▶ [WHAT THIS TASK INVOLVES]:
Make an exact copy of the listing, without images.

▶ [COLLECTED DATA]:

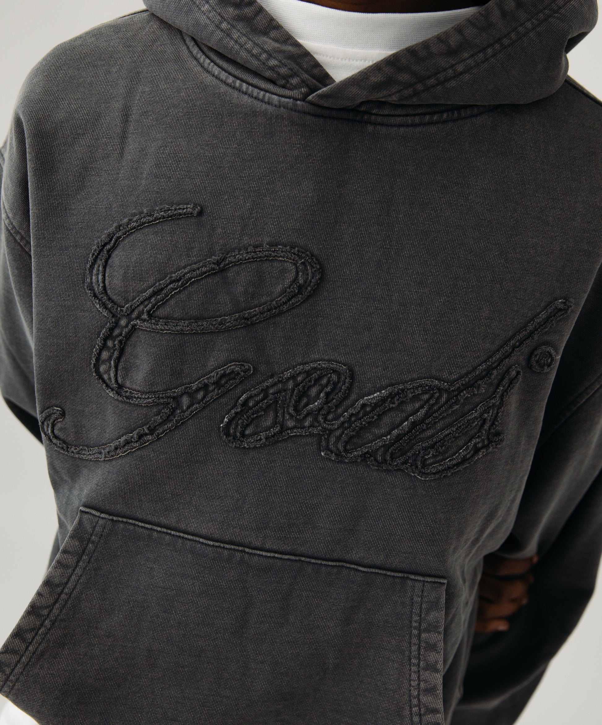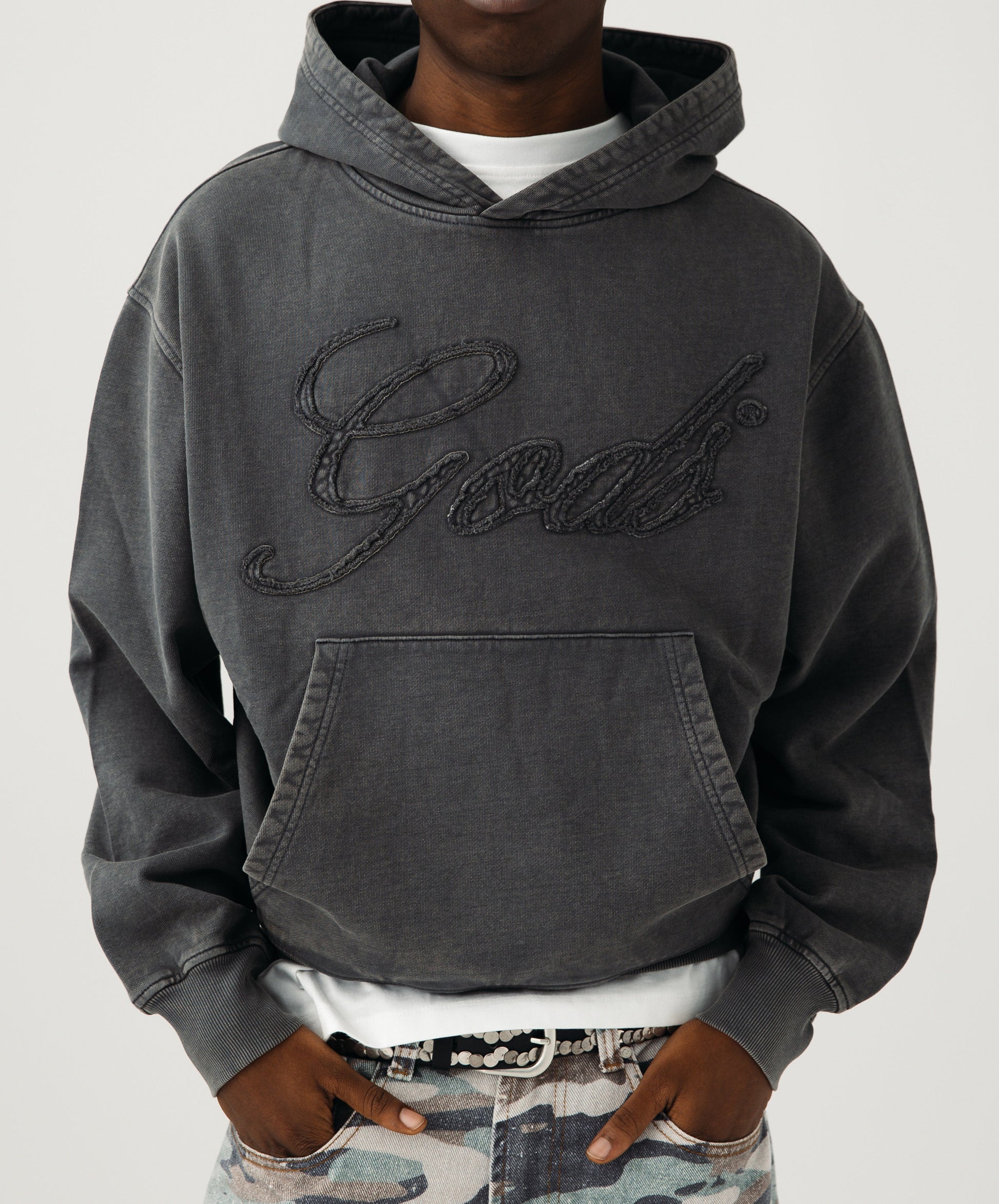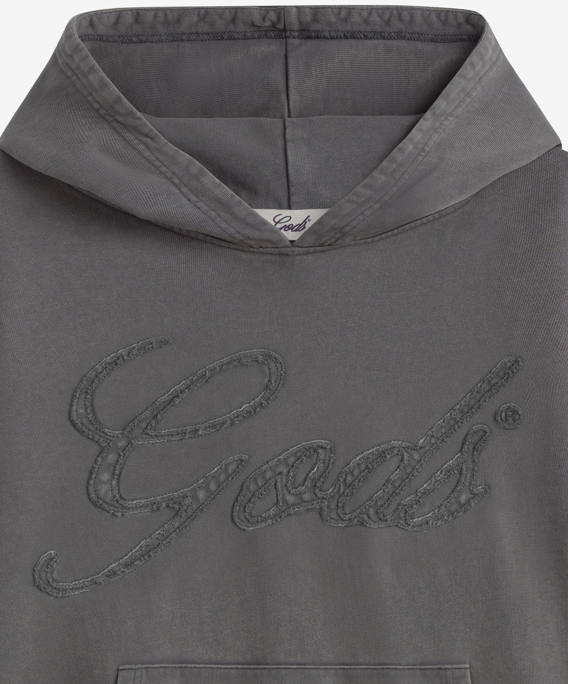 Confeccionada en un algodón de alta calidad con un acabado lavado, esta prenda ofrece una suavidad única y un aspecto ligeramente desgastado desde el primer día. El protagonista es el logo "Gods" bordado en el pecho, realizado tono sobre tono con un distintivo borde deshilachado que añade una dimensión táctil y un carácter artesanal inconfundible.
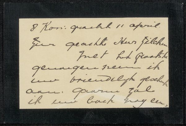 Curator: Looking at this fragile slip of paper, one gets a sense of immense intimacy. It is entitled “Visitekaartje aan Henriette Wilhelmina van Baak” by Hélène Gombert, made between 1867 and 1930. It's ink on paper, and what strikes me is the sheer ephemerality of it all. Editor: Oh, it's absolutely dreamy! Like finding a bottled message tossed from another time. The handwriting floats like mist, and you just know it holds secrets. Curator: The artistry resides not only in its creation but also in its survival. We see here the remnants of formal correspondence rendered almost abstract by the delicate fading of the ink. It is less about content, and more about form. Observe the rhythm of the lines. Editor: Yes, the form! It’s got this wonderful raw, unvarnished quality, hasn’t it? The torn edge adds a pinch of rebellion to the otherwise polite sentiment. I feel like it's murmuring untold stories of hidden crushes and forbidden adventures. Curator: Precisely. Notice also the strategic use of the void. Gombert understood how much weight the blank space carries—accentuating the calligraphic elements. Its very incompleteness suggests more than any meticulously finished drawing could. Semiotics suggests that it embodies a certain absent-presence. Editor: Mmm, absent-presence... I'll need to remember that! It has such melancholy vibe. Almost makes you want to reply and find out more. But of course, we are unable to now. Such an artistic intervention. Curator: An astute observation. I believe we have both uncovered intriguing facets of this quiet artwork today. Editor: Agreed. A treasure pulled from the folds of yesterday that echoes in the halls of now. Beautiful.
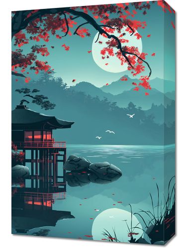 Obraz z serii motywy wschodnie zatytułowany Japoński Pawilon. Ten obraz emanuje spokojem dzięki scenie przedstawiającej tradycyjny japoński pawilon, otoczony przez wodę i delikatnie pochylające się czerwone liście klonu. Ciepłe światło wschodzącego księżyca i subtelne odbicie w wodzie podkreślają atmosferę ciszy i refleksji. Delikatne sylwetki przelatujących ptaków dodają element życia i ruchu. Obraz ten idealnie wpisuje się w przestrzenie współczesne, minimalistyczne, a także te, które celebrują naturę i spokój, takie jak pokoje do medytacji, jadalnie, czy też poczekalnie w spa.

▶ [ANSWER TO THIS PROBLEM]:
 Confeccionada en un algodón de alta calidad con un acabado lavado, esta prenda ofrece una suavidad única y un aspecto ligeramente desgastado desde el primer día. El protagonista es el logo "Gods" bordado en el pecho, realizado tono sobre tono con un distintivo borde deshilachado que añade una dimensión táctil y un carácter artesanal inconfundible.
 Curator: Looking at this fragile slip of paper, one gets a sense of immense intimacy. It is entitled “Visitekaartje aan Henriette Wilhelmina van Baak” by Hélène Gombert, made between 1867 and 1930. It's ink on paper, and what strikes me is the sheer ephemerality of it all. Editor: Oh, it's absolutely dreamy! Like finding a bottled message tossed from another time. The handwriting floats like mist, and you just know it holds secrets. Curator: The artistry resides not only in its creation but also in its survival. We see here the remnants of formal correspondence rendered almost abstract by the delicate fading of the ink. It is less about content, and more about form. Observe the rhythm of the lines. Editor: Yes, the form! It’s got this wonderful raw, unvarnished quality, hasn’t it? The torn edge adds a pinch of rebellion to the otherwise polite sentiment. I feel like it's murmuring untold stories of hidden crushes and forbidden adventures. Curator: Precisely. Notice also the strategic use of the void. Gombert understood how much weight the blank space carries—accentuating the calligraphic elements. Its very incompleteness suggests more than any meticulously finished drawing could. Semiotics suggests that it embodies a certain absent-presence. Editor: Mmm, absent-presence... I'll need to remember that! It has such melancholy vibe. Almost makes you want to reply and find out more. But of course, we are unable to now. Such an artistic intervention. Curator: An astute observation. I believe we have both uncovered intriguing facets of this quiet artwork today. Editor: Agreed. A treasure pulled from the folds of yesterday that echoes in the halls of now. Beautiful.
 Obraz z serii motywy wschodnie zatytułowany Japoński Pawilon. Ten obraz emanuje spokojem dzięki scenie przedstawiającej tradycyjny japoński pawilon, otoczony przez wodę i delikatnie pochylające się czerwone liście klonu. Ciepłe światło wschodzącego księżyca i subtelne odbicie w wodzie podkreślają atmosferę ciszy i refleksji. Delikatne sylwetki przelatujących ptaków dodają element życia i ruchu. Obraz ten idealnie wpisuje się w przestrzenie współczesne, minimalistyczne, a także te, które celebrują naturę i spokój, takie jak pokoje do medytacji, jadalnie, czy też poczekalnie w spa.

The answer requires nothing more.